Poly(ADP-ribose) polymerase-1 (PARP1) has been proposed to be a major sensor of DNA damage due to its abundance, involvement in multiple DNA repair pathways, rapid recruitment to damaged DNA, and ability to bind to the ends of damaged DNA [9, 10, 30,31,32,33,34,35]. In response to DNA damage, PARP1 and the associated co-factor Histone Parylation Factor 1 (HPF1) catalyze addition of polyADP-ribose to serine residues of chromatin proteins, especially histones [36,37,38]. This is thought to create a scaffold for the recruitment of additional chromatin remodelers and repair factors to establish an effective repair complex [10, 39,40,41,42,43,44]. Although PARP1 is an abundant protein, it is not clear how, even acting as a diffusion limited free moving protein in the nucleus, it would be able to scan the entire genome within the time frame of the initial response prompting the proposal that it searches DNA via intersegment transfer or ‘monkey bar’ mechanism [45, 46].

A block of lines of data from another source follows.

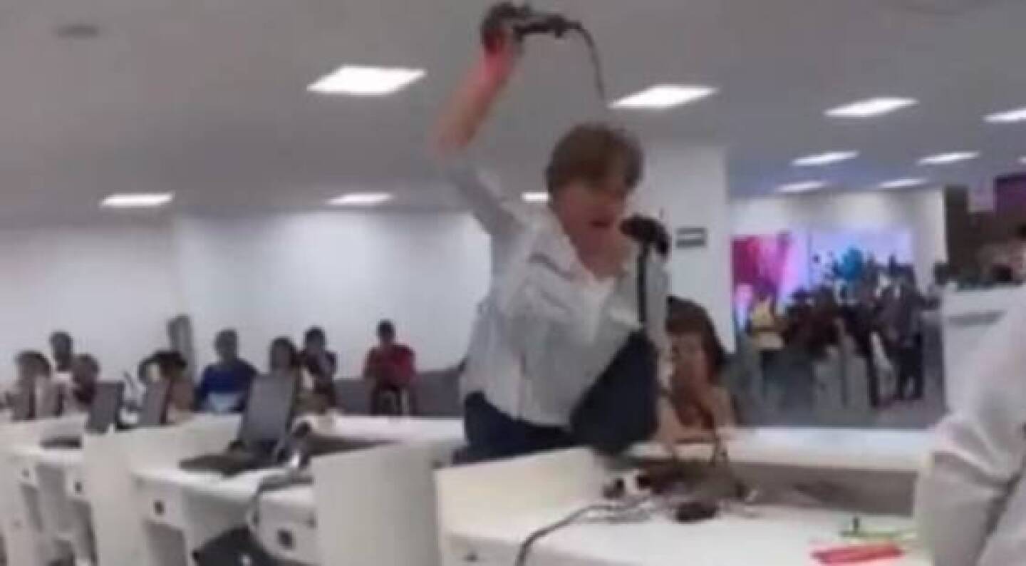 Fue a través de redes sociales que se viralizó la molestia de una señora de 56 años de edad, quien con gritos y groserías arremetió en contra de empleados del AICM y causó destrozos, rompiendo computadoras y teléfonos.
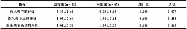 1.3.2 疗效评价标准 疗效的评价指标包括:主要指标:患者对关节痛的评价(VAS值)改善程度公式:[(治疗前VAS值-治疗后VAS值)/治疗前VAS值]×100%;次要指标:关节压痛程度和关节活动痛程度[每改变1级按照改变33%计算]。综合疗效评定标准为:主要指标改善≤20%,或主要指标改善≥20%但两项次要指标改善均≤33%为无效;主要指标改善在20%~50%之间,同时有一项次要指标改善≥33%为有效;主要指标改善>50%,或主要指标改善>20%、同时两项次要指标改善均≥33%为显效。
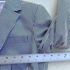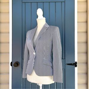 This Zara blazer combines a classic blue and white design with a tailored fit, making it ideal for professional settings.
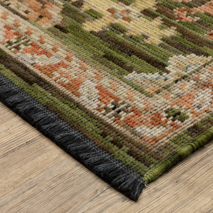 The Legacy collection showcases the artistry of space-dyed wool and nylon in a beautifully crafted area rug. Woven on an Axminster loom, the pieces offer exceptional quality and durability while maintaining the look of a hand-knotted rug through the use of zero pile as well as incorporated fringe. The saturated and textured jewel tones of sapphire, emerald and amethyst, as well as rich shades of crimson, gold and brown are wonderfully striking in contrast to the deep midnight shade of the exposed weft yarn and fringe. Featuring global styling with a bohemian twist, the Legacy collection brings both timeless sophistication as well as a sense of joy and fun to an endless array of interior styles.
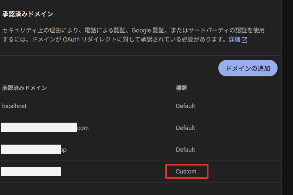 対処法は簡単です。Authenticationに対象のドメインを登録するだけです。
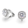 Mariell Cubic Zirconia Cushion Shape 10mm Halo Clip On Stud Earrings with Round Cut Solitaire 4556EC
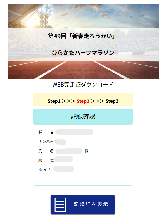 下の方にある「記録証を表示」を押すと完走証が表示されます
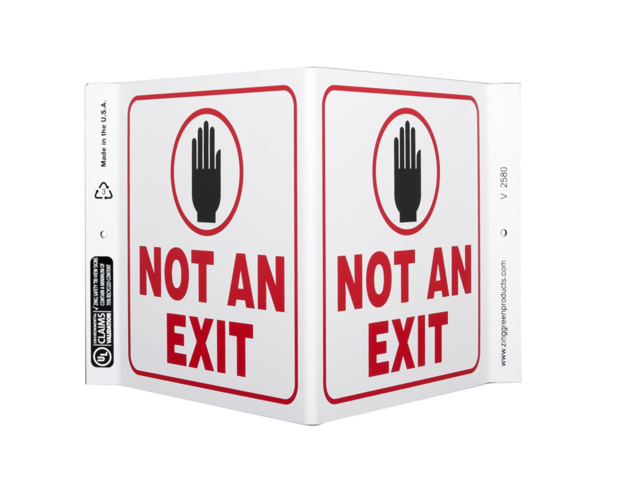 Sign Not An Exit Plastic 7X12In^ Exit Sign, Recycled Plastic, Not An Exit, 2 Sided V Shaped Projecting Provides Greater Visibility, Pre-Drilled Mounting Holes & Adhesive Tabs, Impact And Uv Resistant, Ul Validated For Recycled Content, 7X12I
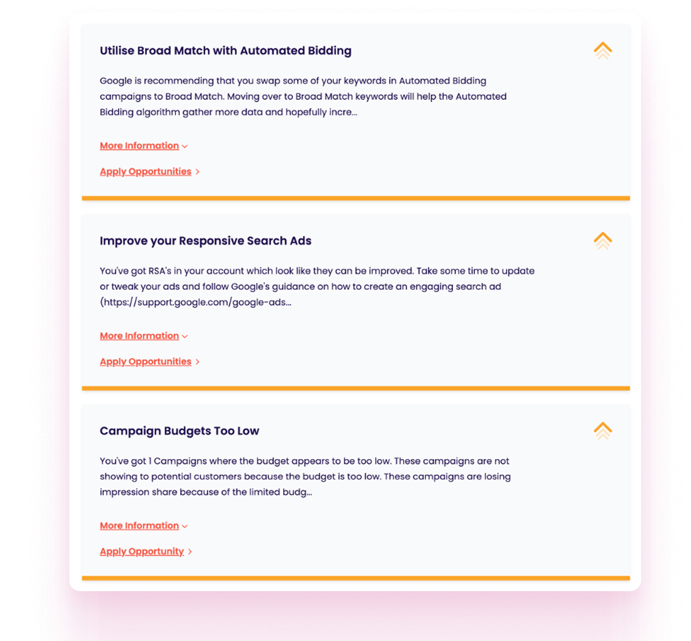 That’s fine. Adzooma lets you apply opportunities campaign by campaign, so you stay in control of where and how expansion is activated.

Interestingly, in undamaged cells, PARP1 and H1 bind to overlapping sites on the nucleosome dyad in a mutually exclusive manner, suggesting that they compete for binding sites [47]. An enrichment of PARP1 is associated with active transcription and H1 with repression [48]. Although interactions between H1 and PARP1 in modulating chromatin structure and transcriptional outcomes are independent of PARP1 catalytic activity, linker histones are robustly ADP-ribosylated in response to DNA damage. As the recruitment of PARP1 and the depletion of H1 occur on similar time scales, it has been proposed that PARP1, either through direct competition and/or via ADP-ribosylation promotes the depletion of H1 to facilitate chromatin de-condensation upon DNA damage [28, 49].

Prothymosin α (PTMA) is a small (12.5 kd), unstructured, highly acidic (pI = 3.5) protein ubiquitously expressed in most mammalian tissues [50]. PTMA has been reported to contribute to an astonishing number of normal and aberrant cellular processes including apoptosis [51], the immune response [52], cardiac regeneration [53] and restriction of infectious HIV-1 production [54]. Elevated levels of PTMA correlate with resistance to chemotherapy and poor clinical outcomes in many types of cancer [55,56,57,58]. We previously presented evidence that PTMA functions as a linker histone chaperone to facilitate the release and/or deposition of H1 in chromatin [59].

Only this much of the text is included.